Harare on edge after deadly post-election crackdown in Zimbabwe






Harare - By Kate Bartlett and Problem Masau, - A tense Zimbabwe was on Thursday promised the results of its pivotal presidential election "very soon," a day after a government crackdown on opposition protesters saw three people killed.



 
Harare's streets were nearly deserted, with shops shuttered and soldiers and police present in the city.
There were increased roadblocks and police searched some of the commuters who did go into work in the normally bustling capital.
The winner of the presidential vote has yet to be declared, with President Emmerson Mnangagwa - from the same party that for decades supported former leader Robert Mugabe - up against opposition leader Nelson Chamisa.
In a press briefing in the middle of the day, Zimbabwe's under-pressure electoral authorities said they would announce the results "very soon." Later on they said results would be delivered starting at 10 pm (2000 GMT).
The ruling Zanu-PF party urged the opposition to accept defeat graciously but said they would also step aside "in the unlikely event we don't win."
Paul Mangwana, Zanu-PF spokesman, slammed the opposition Movement for Democratic Change (MDC) for the violent protests.
The parliamentary results gave a huge win to the ruling party but the result of the presidential election has yet to be announced.
Asked by dpa whether Zanu-PF would heed its own advice and bow out peacefully should opposition presidential candidate Nelson Chamisa win, Mangwana said yes.
"When you control a two-thirds majority of parliament, there's no way you fail to win the presidential election," he said.
Mnangagwa himself had also blamed the MDC for the violence, but appeared more conciliatory on Thursday, saying he was in touch with Chamisa.
"We have been in communication with Nelson Chamisa to discuss how to immediately diffuse the situation, and we must maintain this dialogue in order to protect the peace," Mnangagwa tweeted.
In another sign of the tension surrounding the vote, Zimbabwe police sealed off the headquarters of the MDC in Harare on Thursday.

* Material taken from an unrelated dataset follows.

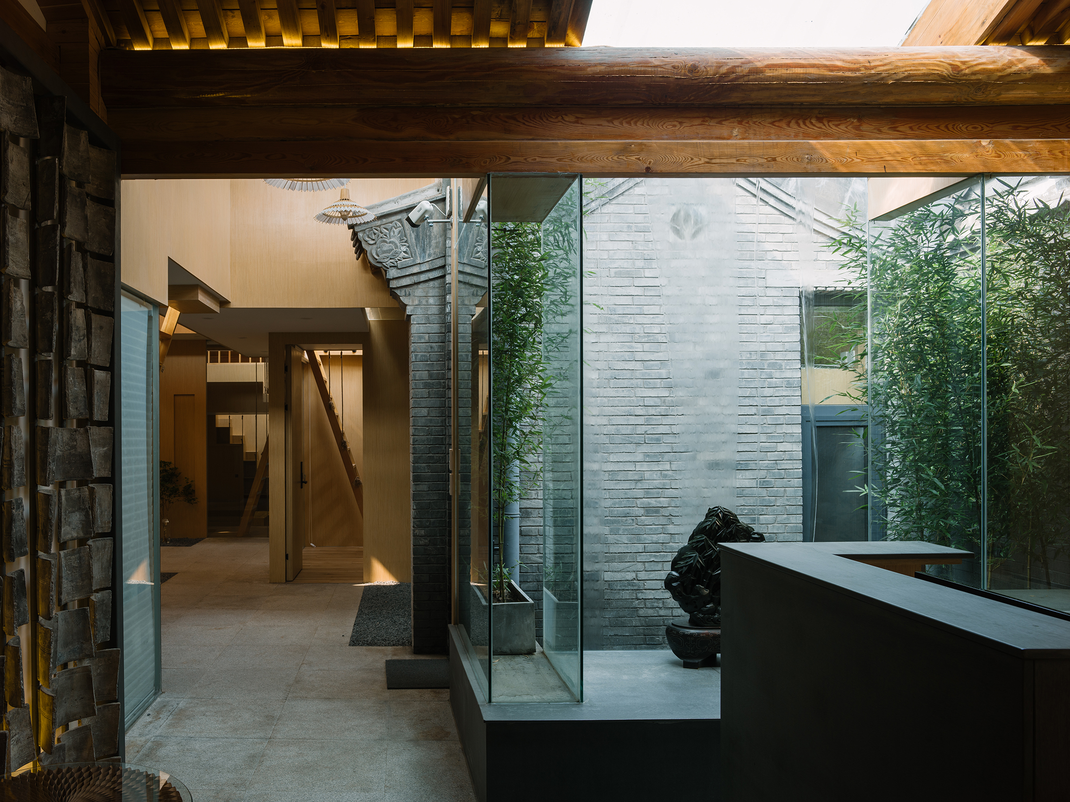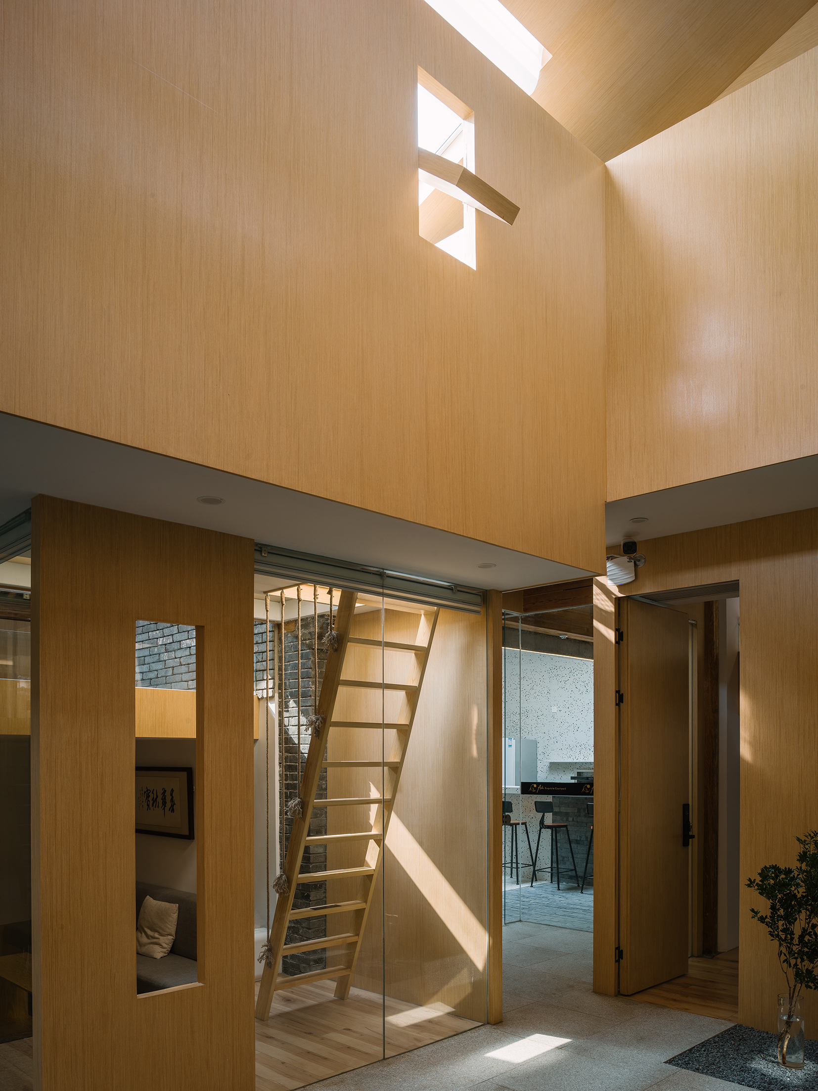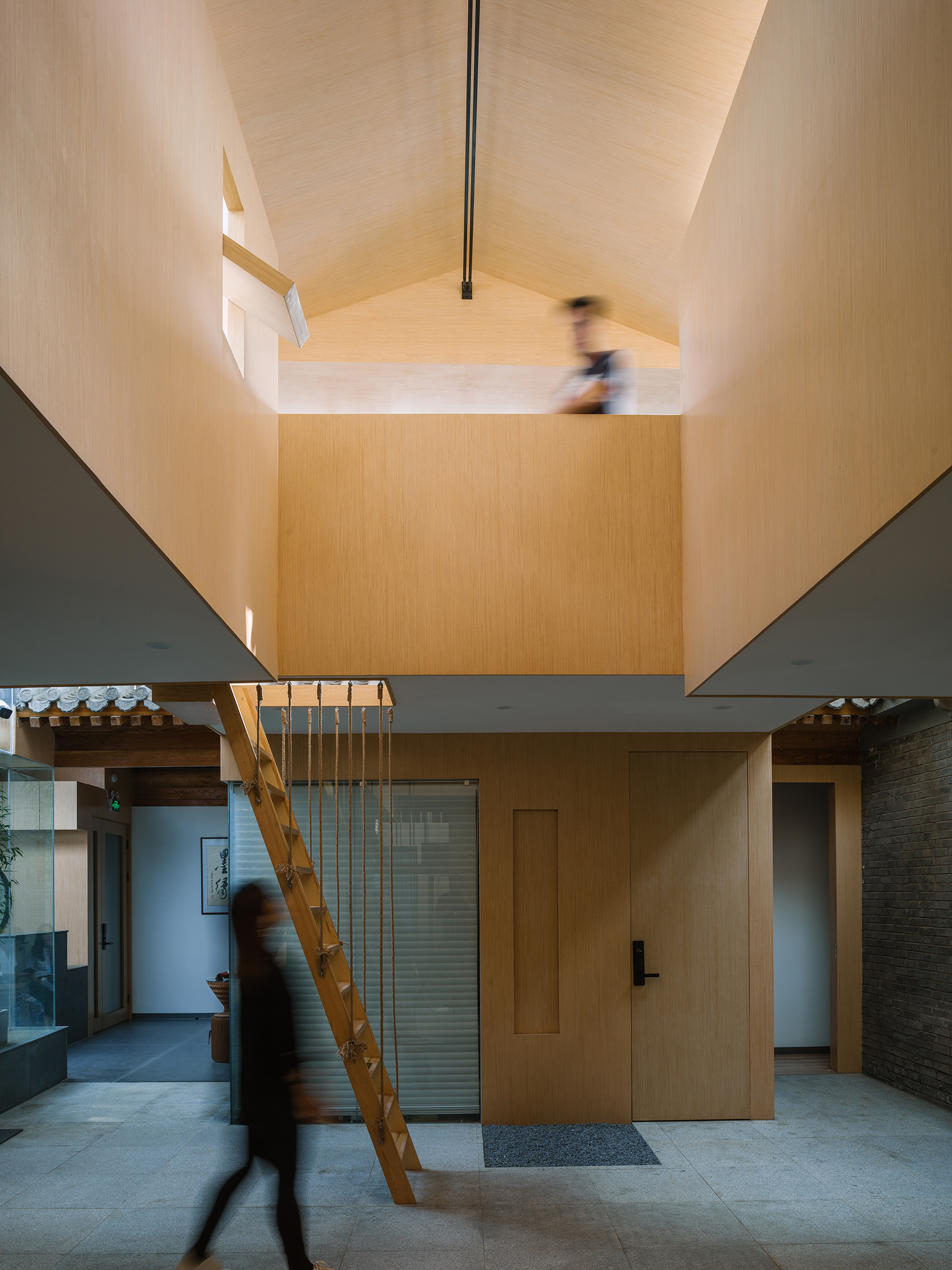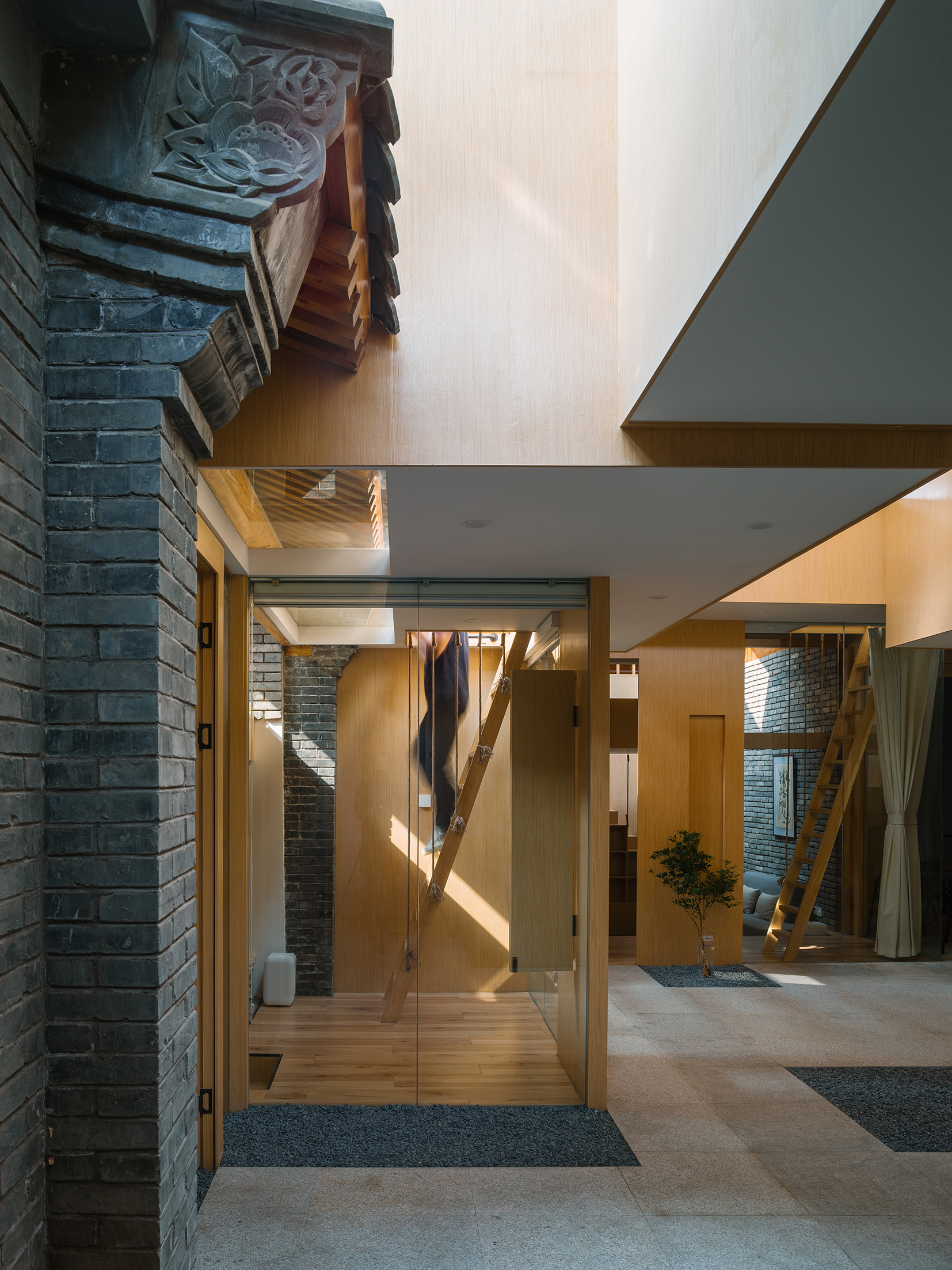 就像是《邪不压正》中李天然和关巧红碰面的地方,北京四合院的屋顶是这城墙内少有的自由,浪漫,能放空一切的场所。被支撑起来的空间像是漂浮于屋檐之上,为庭院带来了有组织的阳光。在不同标高上的空间在保证私密的同时空间上也同样连贯,人们可以产生视线交流,这既增加了温馨感,空间也变得更连通了。 -

The polls were the first since the ouster of long-time leader Mugabe in November last year in a military coup. He was replaced as president by his former comrade, Mnangagwa.
According to official results already released by the electoral commission, the ruling Zanu-PF party won the majority of parliamentary seats in Monday's election. Zanu-PF won 144 seats and the MDC 64.
Regarding the validity of the vote count and why there have been delays, electoral officials said: "There's absolutely no skulduggery or anything untoward happening."
The vote on Monday was peaceful, with huge turnout and Zimbabweans expressing hope that whoever won would usher in a new prosperous era help fix the country's economy.
However on Wednesday, MDC supporters took to the streets to protest what they said was a rigged election and the government responded by deploying armoured vehicles and firing live rounds.
Soldiers ran through crowds in the Zimbabwean capital, lashing out at
protesters and journalists with their rifle butts. At least three people were confirmed killed.
Electoral official Qhubani Moyo said the ZEC "implores all political parties and candidates ... to call upon their members to desist from violence ... The commission calls upon the public to be patient."
The ZEC noted that they had taken their website offline after hackers infiltrated it and "posted images." The ZEC did not say what the images contained, but there were reports they showed dead protesters for Wednesday's violence.
The UN secretary general expressed concern Thursday over post-election violence.
Antonio Guterres called on "the political leaders and the population to exercise restraint and reject any form of violence while awaiting the announcement of the election results," a statement by his spokesman said.
The US embassy in Harare also urged restraint, while election observers from the Commonwealth group of nations expressed regret over the violence.